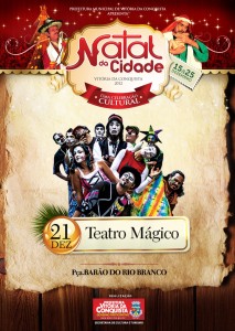 O Teatro Mágico é a atração desta sexta-feira, 21, no Natal da Cidade de Vitória da Conquista. Formado em 2003, o grupo musical subirá ao palco da Praça Barão do Rio Branco levando um espetáculo que mistura música com poesia, circo, teatro e literatura.
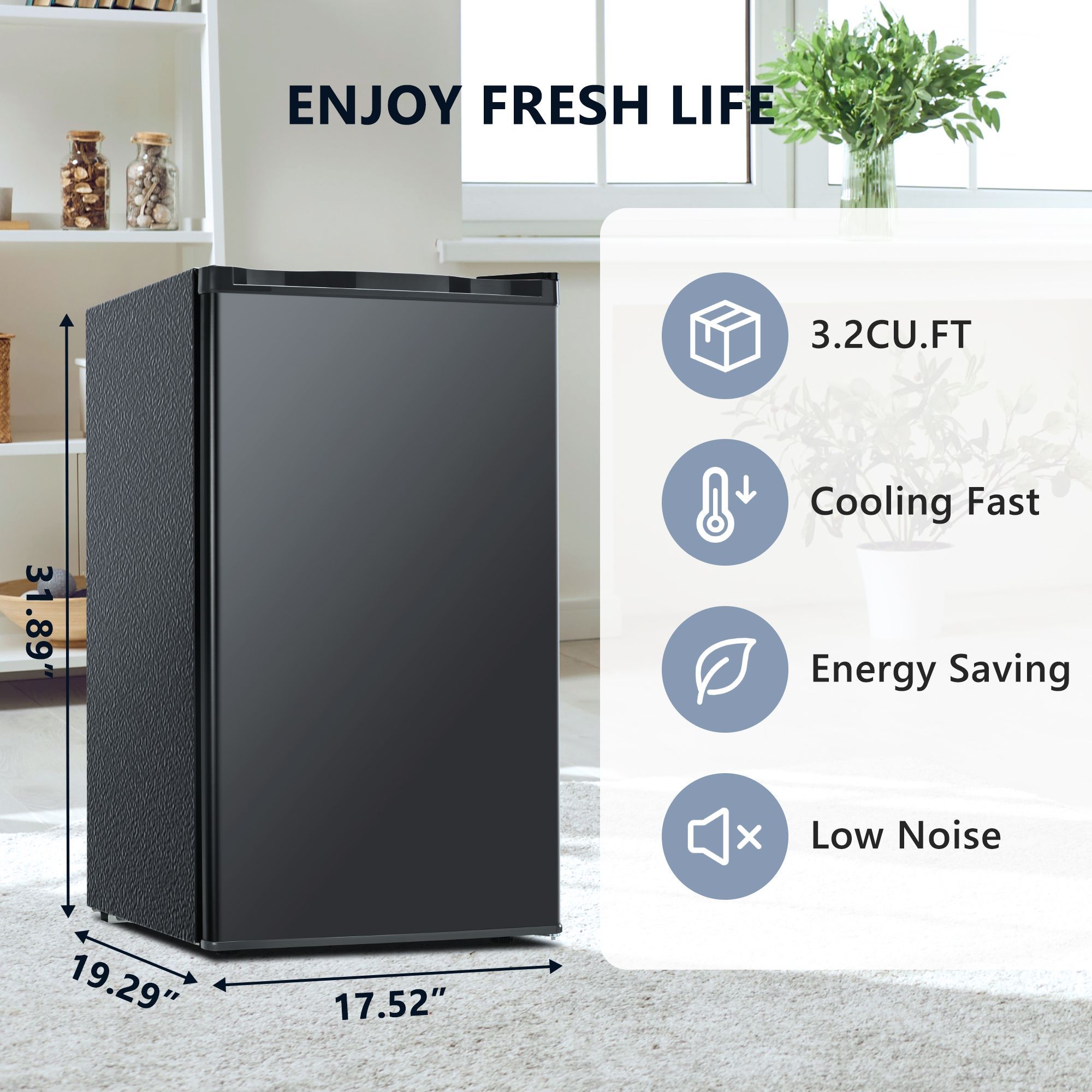 Spacious capacity: with 32 cu ft of storage space, it accommodates a variety of items, from snacks to beverages
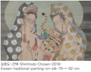 박그림은 한국 전통 불화(佛畫)의 형식에 자신의 이야기를 겹쳐 그린다. 성스러운 종교화의 양식 안에 자신의 퀴어 정체성과 경험을 담아내는 것이다. 작가는 자신의 작업이 “사회를 나누는 여러 이분법적인 시선 속에서, 퀴어라는 존재가 차별 없이 동등하게 받아들여질 수 있을까”라는 질문에서 출발한다고 말한다. 그는 전통을 빌려 현재를 이야기하고, 과거와 현재가 충돌하는 지점에서 소외된 존재들을 위한 새로운 신화를 만들어낸다. 작가는 “‘간택’이라는 제목을 거꾸로 뒤집어, 스스로를 선택하는 퀴어한 주체의 이야기로 읽고자 했다”고 설명한다.
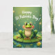 The image shows an adorable, bright green cartoon frog sitting happily on a lily pad floating in calm water. The frog has big expressive eyes, rosy cheeks, and a friendly smile, giving it a warm and welcoming personality. Small shamrocks float around the pond, while soft glowing lights in the background create a magical, cozy atmosphere. Above the frog, playful white lettering reads “Happy St. Patrick’s Day!” The overall style is whimsical, cheerful, and perfect for festive cards and gift products.
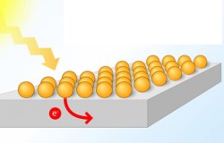 Ćelije na bazi selenida (kvantne tačke - žute kuglice) apsorbuju sunčevu energiju i prenose vrele elektrone (crvena kuglica) na provodnik od titanijum-dioksida (siva podloga)
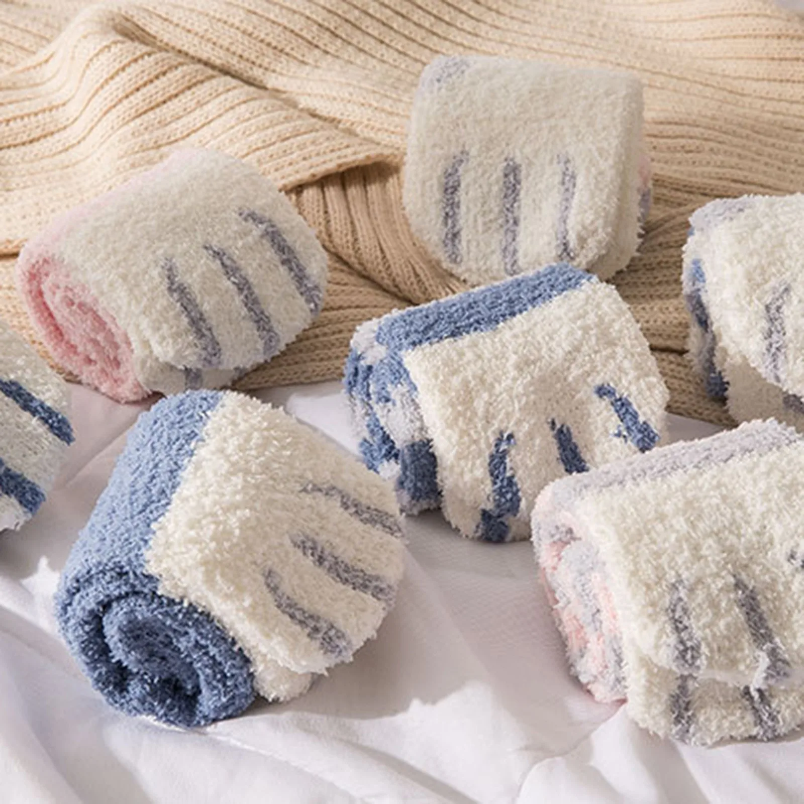 - Женские модные носки в полоску с кошачьими лапами, милые забавные толс...
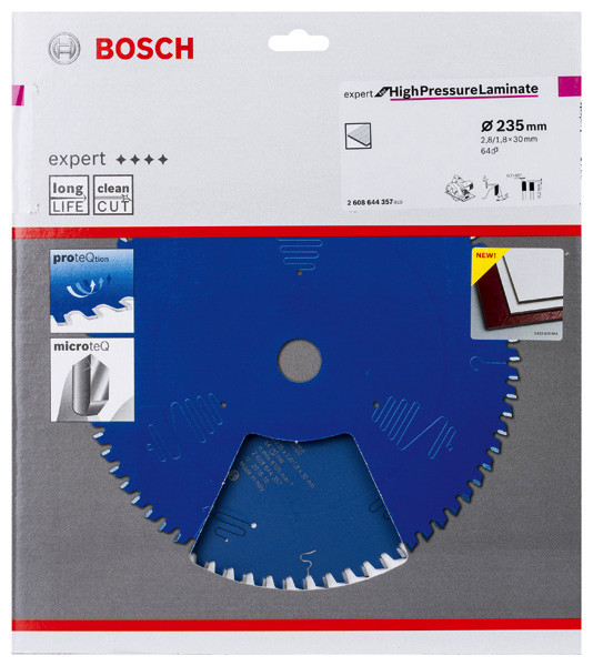 Expert for High Pressure Laminate Kreissägeblatt für das Schneiden von Hochdruck-Schichtpressstoffplatten. Das Blatt ist mit Extra Hard Microteq-Zähnen versehen, die bei Bosch in Eigenproduktion aus hochgradig robustem Carbide-Korn gefertigt werden. Die gute Qualität, die Holzarbeiter erwarten, die Fähigkeit, extreme Bedingungen bei professionellen Konstruktionen zu bewältigen. Die Schutzbeschichtung des Blatts fördert diese hohe Leistung, sie verhindert Korrosion, ermöglicht zuverlässiges Schneiden und reduziert dabei Reibung. Das Produkt ist mit Dämpfungsschlitzen für einen besonders ruhigen Lauf, deutlich weniger Geräusche und spürbar geringere Vibration ausgestattet. Dieses Sägeblatt bei Hochdruck-Schichtpressstoffplatten verwenden. Mit HLTCG-Zähnen (High-Low Triple Chip Ground) ist das Kreissägeblatt Expert for High Pressure Laminate robust auf die Arbeit mit abrasivem Material ausgelegt.
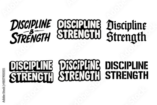 Creative Lettering Variations. Discipline and Strength. Set lettering. harmonious lettering variations of the same emblematic concept, each with different
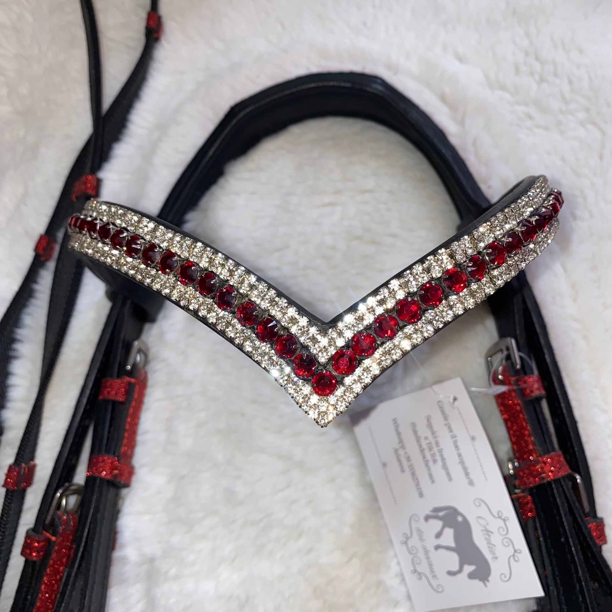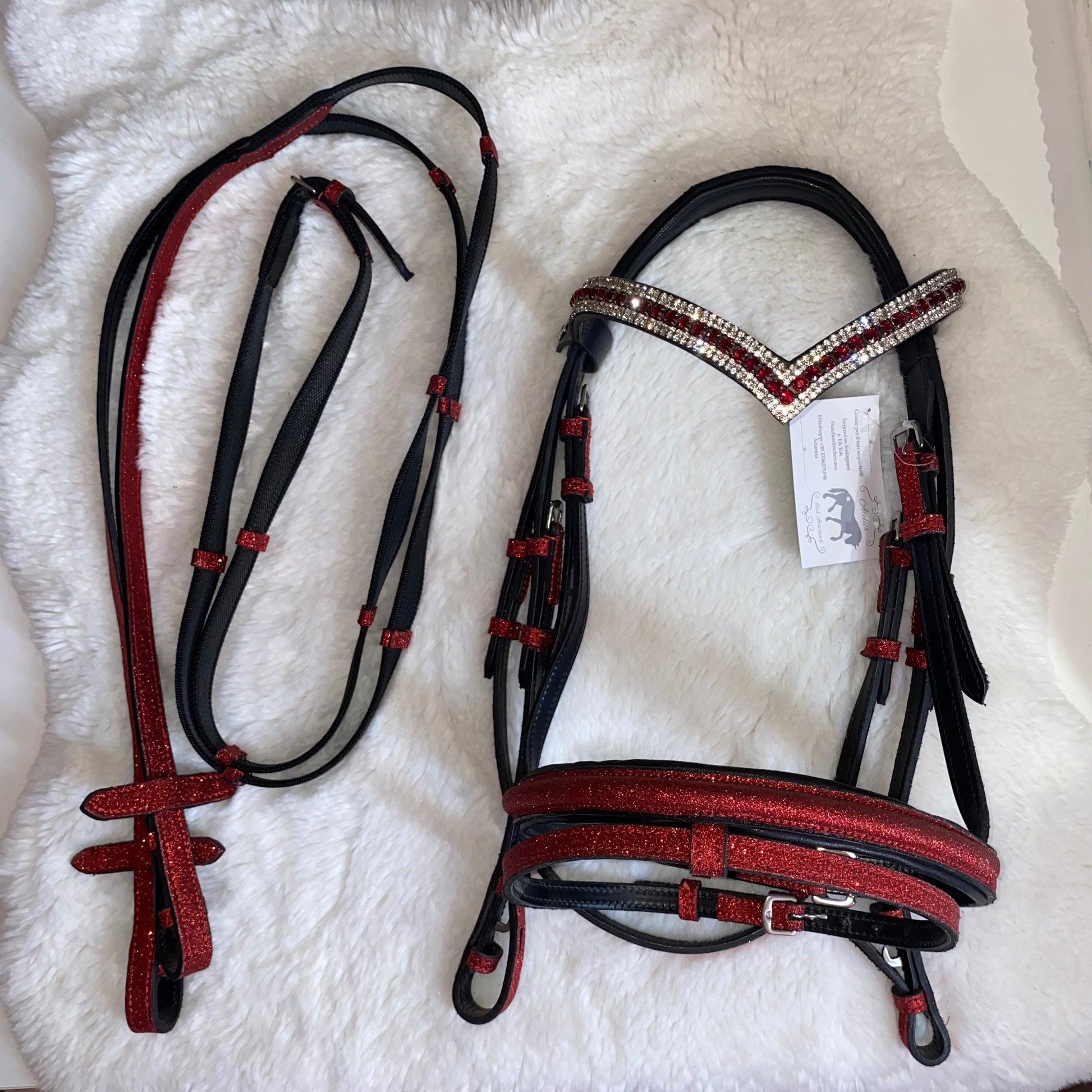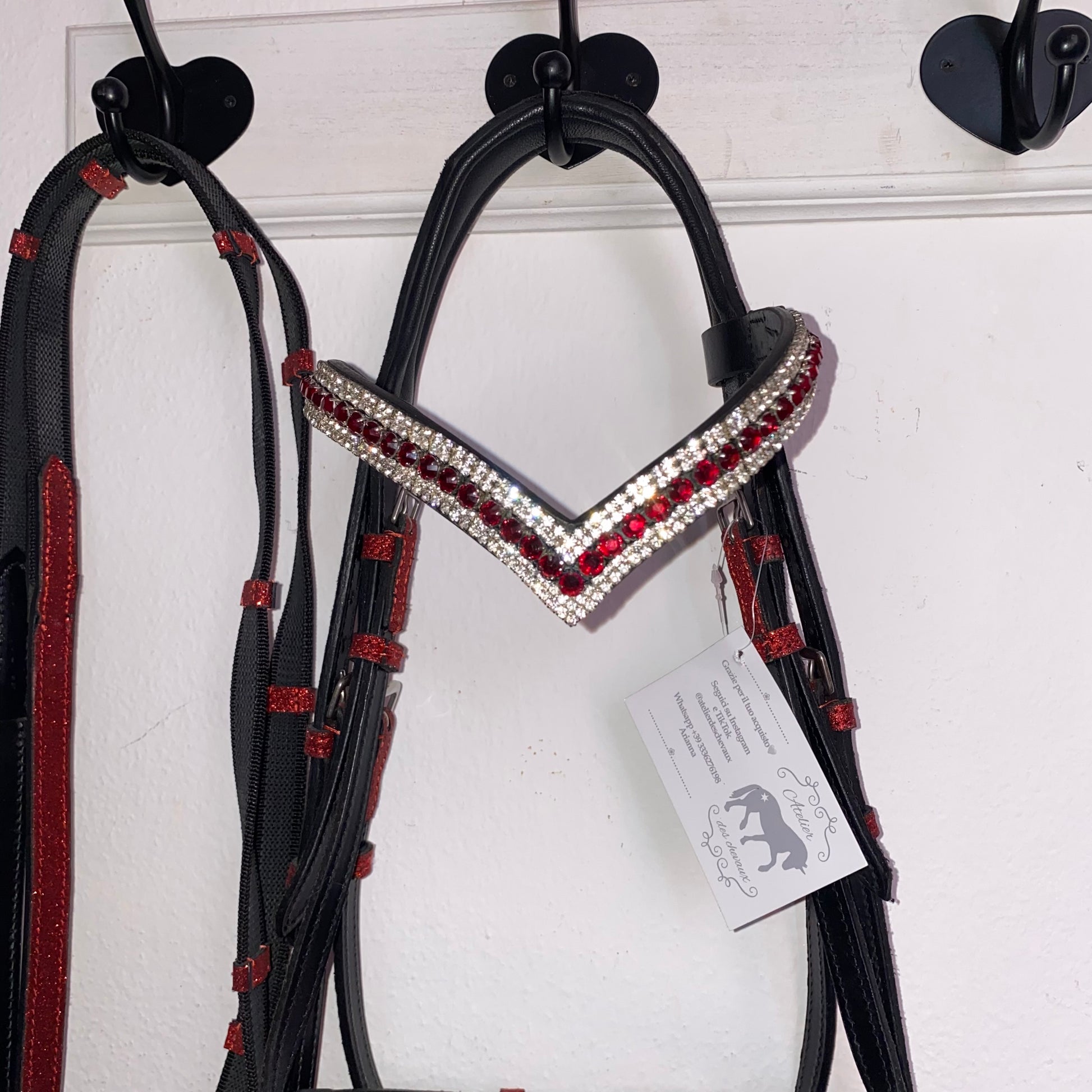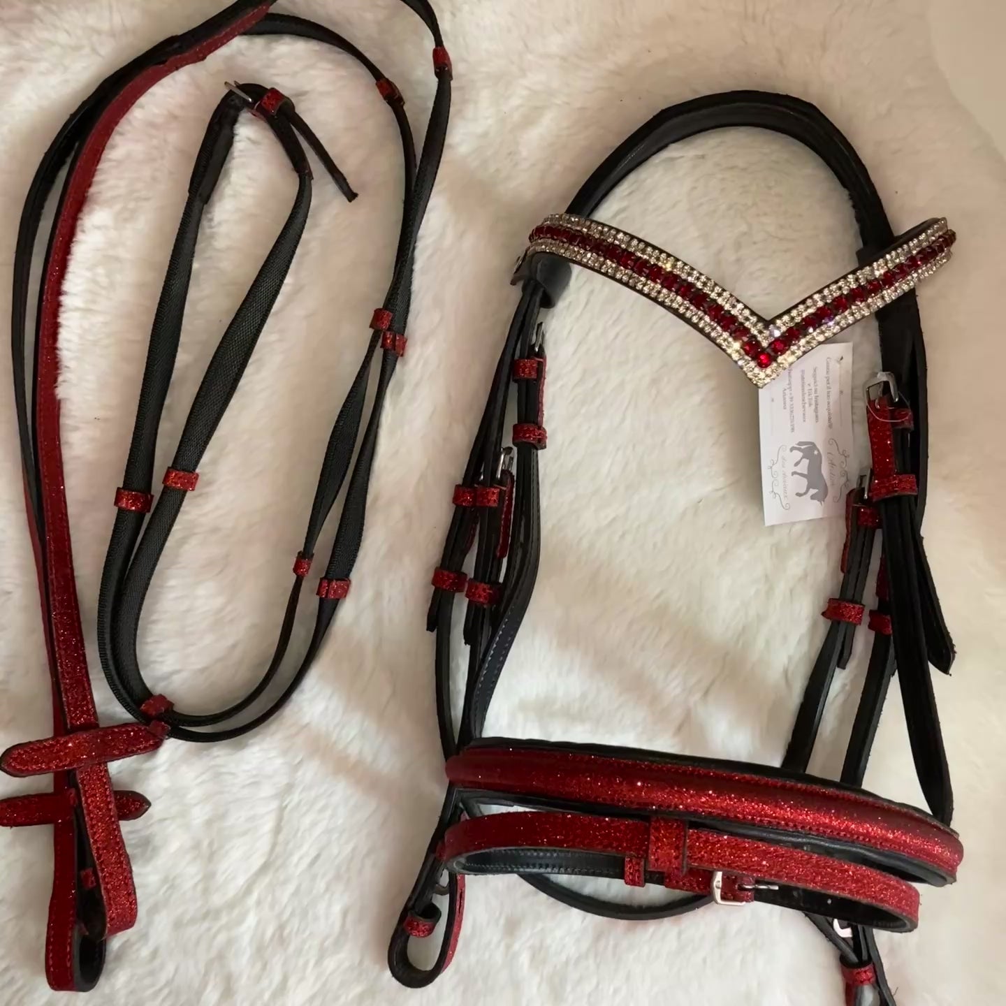 Splendida testiera con frontalino interamente scintillante, completa di redini in gomma glitterate in rosso per un grip ottimale e un tocco di eleganza. Il frontalino argentato presenta una striscia centrale di brillantini rossi, ed è dotato di pratici bottoncini che permettono di rimuoverlo e sostituirlo in pochi minuti, senza sforzo. La testiera include chiudibocca e redini coordinate ed è progettata con una struttura ergonomica per garantire il massimo comfort al cavallo, unendo stile e funzionalità in un solo accessorio. ❤️✨

□ □ □

Work required | Above are some records; quote exactly and only the lines that begin at the line containing "The image shows" and stop after the line containing "- Женские модные", leaving out the pictures.

Exercise response |
 The image shows an adorable, bright green cartoon frog sitting happily on a lily pad floating in calm water. The frog has big expressive eyes, rosy cheeks, and a friendly smile, giving it a warm and welcoming personality. Small shamrocks float around the pond, while soft glowing lights in the background create a magical, cozy atmosphere. Above the frog, playful white lettering reads “Happy St. Patrick’s Day!” The overall style is whimsical, cheerful, and perfect for festive cards and gift products.
 Ćelije na bazi selenida (kvantne tačke - žute kuglice) apsorbuju sunčevu energiju i prenose vrele elektrone (crvena kuglica) na provodnik od titanijum-dioksida (siva podloga)
 - Женские модные носки в полоску с кошачьими лапами, милые забавные толс...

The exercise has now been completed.